# Alternatives to CBT?



## 10PercentExtra

Are there any alternative therapies to CBT? I went through an entire course of it and I'm convinced it actually made my social phobia much worse, not better.

I never found the postulate that thoughts cause emotions to be credible, and lately I've been reading pieces by behavioral economists that assert emotions drive thoughts in a big way, not the other way around. 

Thanks.


----------



## CopadoMexicano

http://www.schematherapy.com/


----------



## jr001

I use both CBT and NLP. CBT to identify, then challenge the thoughts/behaviors that cause and contribute to my SA. NLP to help me think more positively about myself and life in general.

Fundamentally, NLP is simply an array of 'thinking tools', all of which you already possess. There's a lot of over-technical jargon out there, most of which is hard to digest and start applying immediately. The book I've to be most useful is 'How to be Confident: Using The Power of NLP'. Although it specifies confidence, it just takes the basics and presents them in an easy to read/apply format. NLP is geared towards immediate application (whereas CBT can be a slower process),

http://www.amazon.co.uk/How-Confide...=sr_1_5?ie=UTF8&s=books&qid=1277637594&sr=1-5

Although I'm only starting with NLP, I still feel CBT is the best way to directly target your SA. In that regard, I've been using 'The Shyness & Social Anxiety Workbook'. It's great, but you'll need to commit to it - particularly the exercises.

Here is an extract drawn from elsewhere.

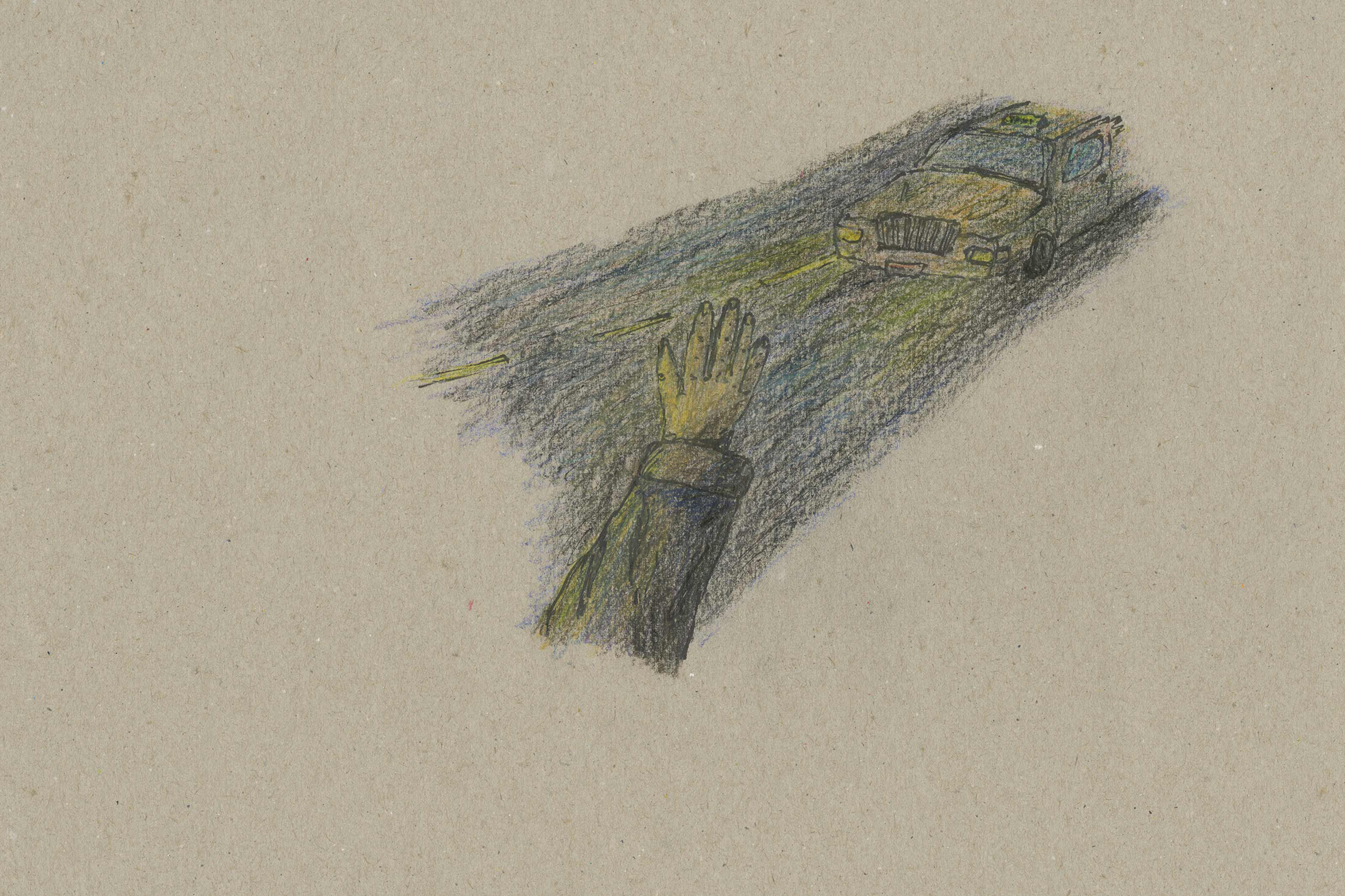 Mittels Überlagern von dünnen Farbstiftschichten tastete ich mich laufend an die Farbstimmung heran. Dabei legte ich besonderen Wert auf die Erscheinungsfarben. Um dem schwindenen Kontrast entgegenzuwirken und die Lesbarkeit trotz den diffusen Lichtverhältnissen zu gewährleisten, arbeitete ich mittels schwarzem Fineliner gezielt an den Konturen und verdeutlichte die Struktur der Objekte.

Hope this helps, good luck.

** Tip - This may be obvious, but re-reading is the key to absorbing/fully understanding material. I've gone over the same chapter several times in the SA workbook, if only to hammer home what I've already learned. **


----------



## Russell123

Hey 10Percent - when you say you went through a course, what do you mean? There can be so many variables affecting the outcome of therapy, I wouldn't dismiss CBT out of hand. The relationship between cognition and biology and emotion is very complex, but I believe it works both ways. Also, its pretty common for anxiety to go up at the beginning of therapy.

Personally, I didn't like some of the ideological implications of CBT when I started it years ago ( My therapist had a somewhat limited idea of what a healthy person "looks" like). So I didn't take it too seriously. Later on though, I began to realized skills I learned were pretty useful.

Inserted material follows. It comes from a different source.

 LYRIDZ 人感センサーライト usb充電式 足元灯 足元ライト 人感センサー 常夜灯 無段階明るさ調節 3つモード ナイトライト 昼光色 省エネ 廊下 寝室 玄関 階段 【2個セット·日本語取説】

I think of CBT as a set of tools, and they can be pretty effective once they become automatic. That being said, I agree with jr001, you can try out a variety of therapies and use whatever works best for you. 

nlp never did it for me, but I did like the self-hypnosis parts as they got me interested in meditation. I'm hoping to start Mindfulness Based Acceptance Group Therapy this summer, and I'm pretty excited about it. 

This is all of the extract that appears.